Since the first one returns Diagonal and the second returns NamedTuple{:diagonal}. I am not sure, which one should be the correct version. I can imagine both of them.

A temporal monkeypatch is defining

import Base.+
+(a::Diagonal, b::@NamedTuple{diag::Vector{Float64}}) = Diagonal(a.diag + b.diag)

but this does not solve the problem in ChainRules.

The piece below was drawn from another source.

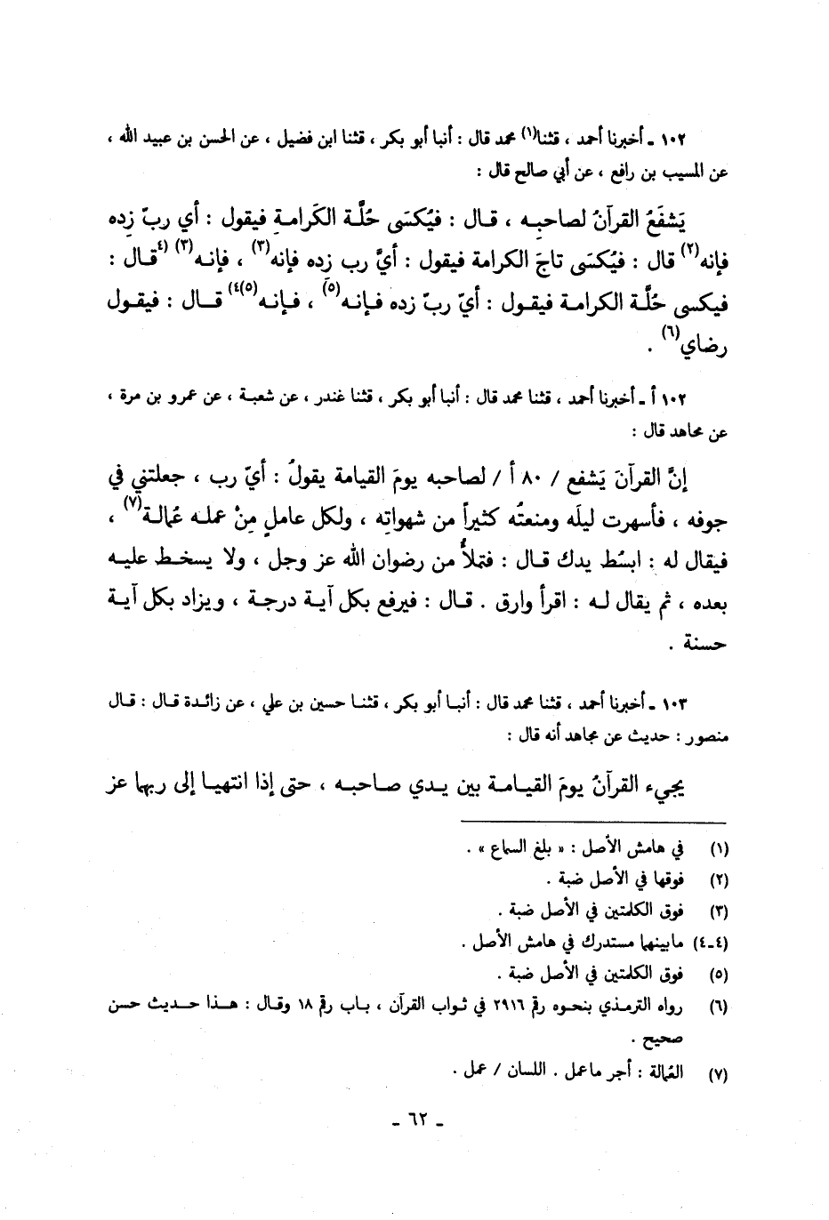 102 - أَخْبَرَنَا أَحْمَدُ، قَالَ: حَدَّثَنَا مُحَمَّدٌ، قَالَ: أَخْبَرَنَا أَبُو بَكْرٍ، قَالَ: حَدَّثَنَا ابْنُ فُضَيْلٍ، عَنِ الْحَسَنِ بْنِ عُبَيْدِ اللَّهِ، عَنِ الْمُسَيَّبِ بْنِ رَافِعٍ، عَنْ أَبِي صَالِحٍ، قَالَ: " §يَشْفَعُ الْقُرْآنُ لِصَاحِبِهِ قَالَ: فَيُكْسَى حُلَّةَ الْكَرَامَةِ فَيَقُولُ: أَيْ رَبِّ، زِدْهُ؛ فَإِنَّهُ. قَالَ: فَيُكْسَى تَاجَ الْكَرَامَةِ فَيَقُولُ: أَيْ رَبِّ زِدْهُ؛ فَإِنَّهُ، فَإِنَّهُ. قَالَ: فَيُكْسَى حُلَّةَ الْكَرَامَةِ. فَيَقُولُ: أَيْ رَبِّ، زِدْهُ؛ فَإِنَّهُ، فَإِنَّهُ. قَالَ: فَيَقُولُ: رِضَايَ "
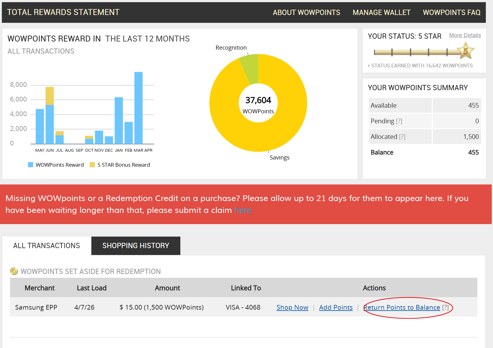 2. If you do see an allocation, click on "WOWPoints statement" in the same dropdown to visit your WOWPoints statement. Here you can manage your allocations and return them to your balance. If you are no longer trying to redeem them and would like to return them to your balance, you can do so using this link on your WOWpoints statement:

This is a mismatch between the natural and structural gradient representations. What should happen is that ChainRules’s projection mechanism should standardise on the natural one, like this:

julia> using ChainRulesCore

julia> const ArrayOrZero = Union{AbstractArray, AbstractZero};

julia> function (project::ProjectTo{Diagonal})(dx::Tangent{<:Diagonal}) # structural => natural
            return dx.diag isa ArrayOrZero ? Diagonal(project.diag(dx.diag)) : dx
        end

julia> gradient(Wsqrt -> sum(Wsqrt * K * Wsqrt), Wsqrt)[1]
10Γ—10 Diagonal{Float64, Vector{Float64}}:
 4.08791   β‹…        β‹…       β‹…        β‹…        β‹…        β‹…        β‹…        β‹…        β‹… 
  β‹…       3.84352   β‹…       β‹…        β‹…        β‹…        β‹…        β‹…        β‹…        β‹… 
1 Like

This makes sense and it in the area I was expecting. I would like to find the culprit and fix it for others. So my question is if it is a wrong rrule, which is missing ProjectTo mechanism in the rule, or missing function project which @mcabbott has written above? I think it make sense to create a pull request fixing this.